E dopo la bio bottle avete pensato ad altri prodotti ‘no plastica’?
Abbiamo realizzato anche l’etichetta della bottiglia in materiale biodegrabile e ora stiamo studiando di fare lo stesso anche con il tappo e il collarino, ultimi step per arrivare al primo pack del settore 100% biodegrabile. Inoltre, stiamo studiando il cosiddetto ‘fardello invisibile’ , ossia sostituire la plastica che avvolge le confezioni da sei bottiglie con un semplice filo di raccordo in materiale biodegrabile , in grado di abbattere notevolmente il consumo di materiali da smaltire. Allo stesso tempo abbiamo cercato di organizzare lo stabilimento e il lavoro all’insegna di questa filosofia. Lo stabilimento di Vinadio è stato, infatti, ristrutturato con scelte architettoniche ecocompatibili con l’ambiente , con materiali di legno e pietra e, ad esempio, il magazzino e tutta la movimentazione delle merci sono gestiti da robot a guida laser elettrici e sono stati introdotti robot fasciatori che consentono un risparmio consistente di plastica negli imballi. E’ un impegno cresciuto sempre più in maniera convinta, tanto da coinvolgere anche i fornitori. Con i partner della logistica, ad esempio, abbiamo inserito nell’ultimo anno 11 mezzi LNG, molto più ecologici del normali Tir. E’ un aspetto che si può sempre migliorare. In generale, ritengo sia necessario fare crescere ancora di più una cultura su questi temi affiancata però da una giusta legislazione.
Per i prossimi anni quali obiettivi vi proponete?

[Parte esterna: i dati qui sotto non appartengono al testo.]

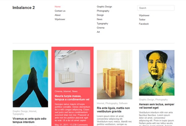 Imbalance 2 is a WordPress responsive theme that is able to transform your bland blog/website into something that is sure to leave your visitors in awe and envy. Its unique features include custom homepage, fluid and fixed layout types, 2 types of pagination, 2 types of content presence and a robust theme options page.

Ci stiamo guardando attorno, soprattutto all’estero per continuare a crescere. E lo stabilimento, come dico nella chiusura del libro, “sarà sempre più tecnologicamente avanzato, con un obiettivo sopra tutti: arrivare nel giro di cinque-sei anni a sostituire interamente le bottiglie in plastica con la nostra bio-bottiglia. Un gesto d’amore verso l’ambiente”.